What is needed is an exact repetition of the lines below, from the first one through the one holding "gió lạnh. |", with no pictures and nothing else.

Source data:
•••

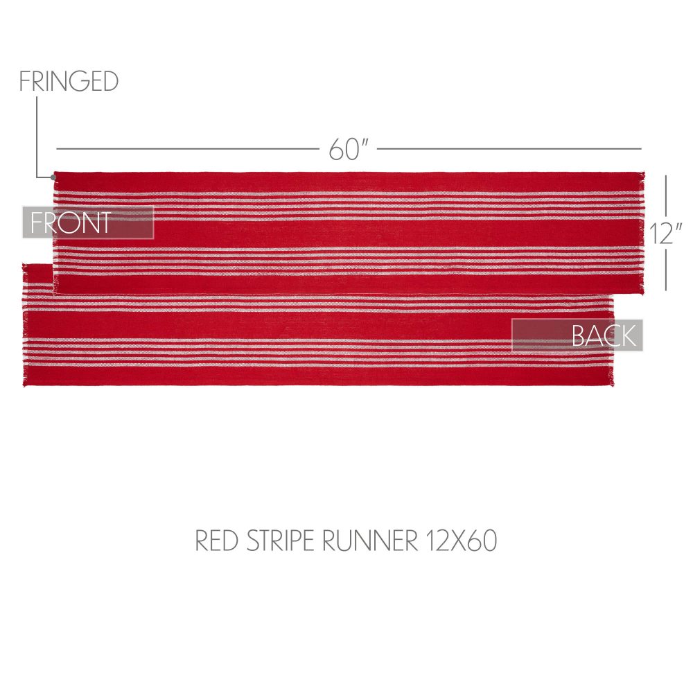 Create a bright and cozy tabletop with the Arendal Red Stripe Runner. The holiday table runner measures 12x60 inches. The design features bold red and soft white for a relaxed Christmas tabletop. The bold red base features two sets of five white horizontal stripes that are perfect for creating a soft, Scandinavian Christmas feel. Soft fringed edging adds an extra pop of texture to complete the look. Coordinates with the Arendal Collection by VHC for simple, classic Christmas style for the home.
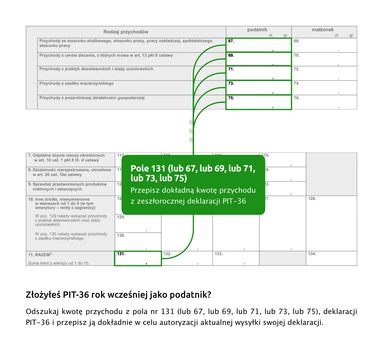 Jeśli składałeś w zeszłym roku np. PIT-37, a w tym roku składasz PIT-36, to należy wziąć kwotę przychodu ze złożonego w zeszłym roku z PIT-37.
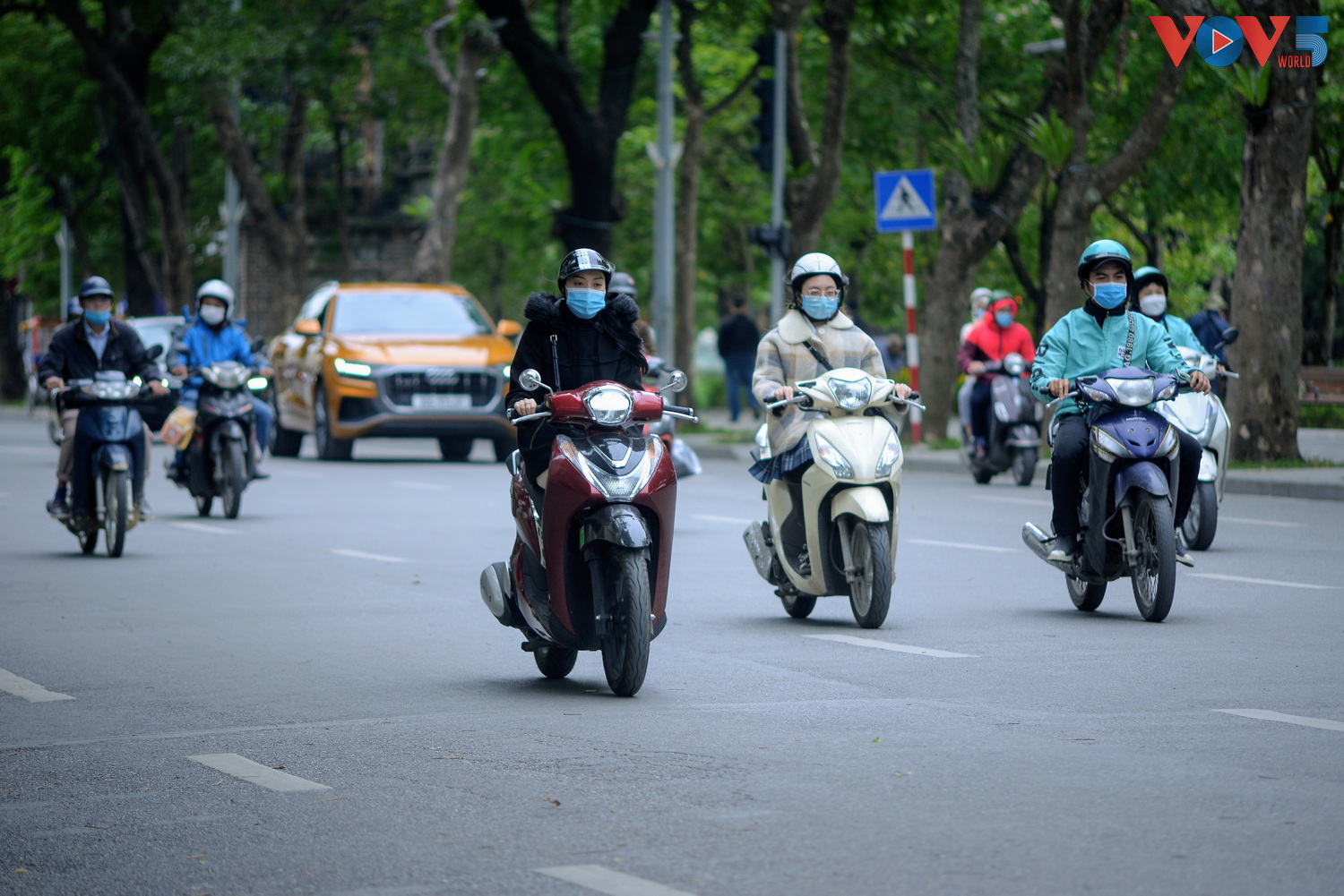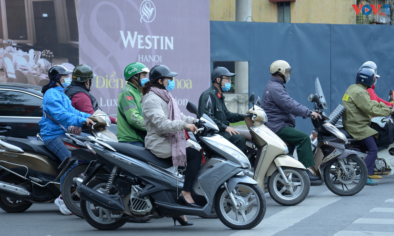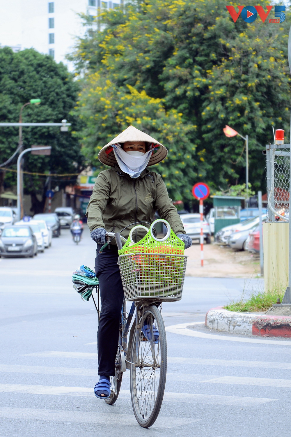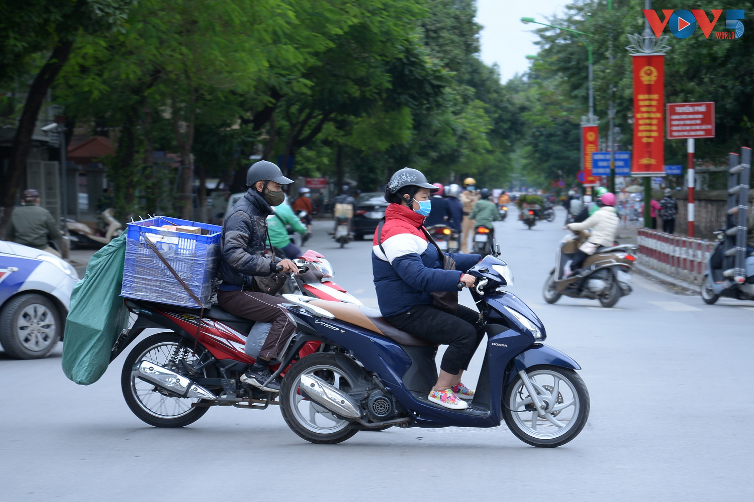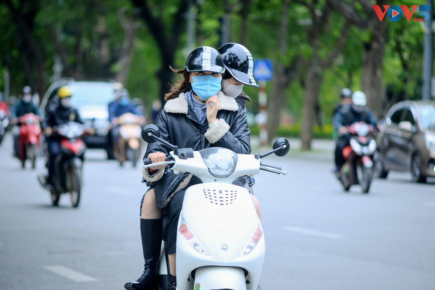 | 8 giờ sáng, nhiều người phải khoác thêm áo mưa để tránh gió lạnh. |
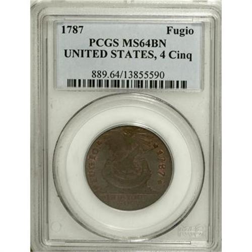 <B>1787 1C Fugio Cent, UNITED STATES, Cinquefoils MS64 Brown PCGS. CAC.</B></I> Newman 8-B, R.3. Although designated as Brown, substantial mint red outlines protected areas. Surprisingly free from marks or carbon, and the strike is sharp save for some softness on the obverse at 5 o'clock and opposite on the reverse at 1 o'clock. The reverse is prominently clashed. Listed on page 83 of the 2008 <I>Guide Book.</B></I> Population: 16 in 64 Brown, 5 finer (11/07).<BR><I>From The Madison Collection.</B></I><BR><BR><b>Shipping:</b> Coins & Currency (<a target="_blank" href="http://www.heritageauctions.com/common/shipping.php">view shipping information</a>)

•••

Response:
 Create a bright and cozy tabletop with the Arendal Red Stripe Runner. The holiday table runner measures 12x60 inches. The design features bold red and soft white for a relaxed Christmas tabletop. The bold red base features two sets of five white horizontal stripes that are perfect for creating a soft, Scandinavian Christmas feel. Soft fringed edging adds an extra pop of texture to complete the look. Coordinates with the Arendal Collection by VHC for simple, classic Christmas style for the home.
 Jeśli składałeś w zeszłym roku np. PIT-37, a w tym roku składasz PIT-36, to należy wziąć kwotę przychodu ze złożonego w zeszłym roku z PIT-37.
 | 8 giờ sáng, nhiều người phải khoác thêm áo mưa để tránh gió lạnh. |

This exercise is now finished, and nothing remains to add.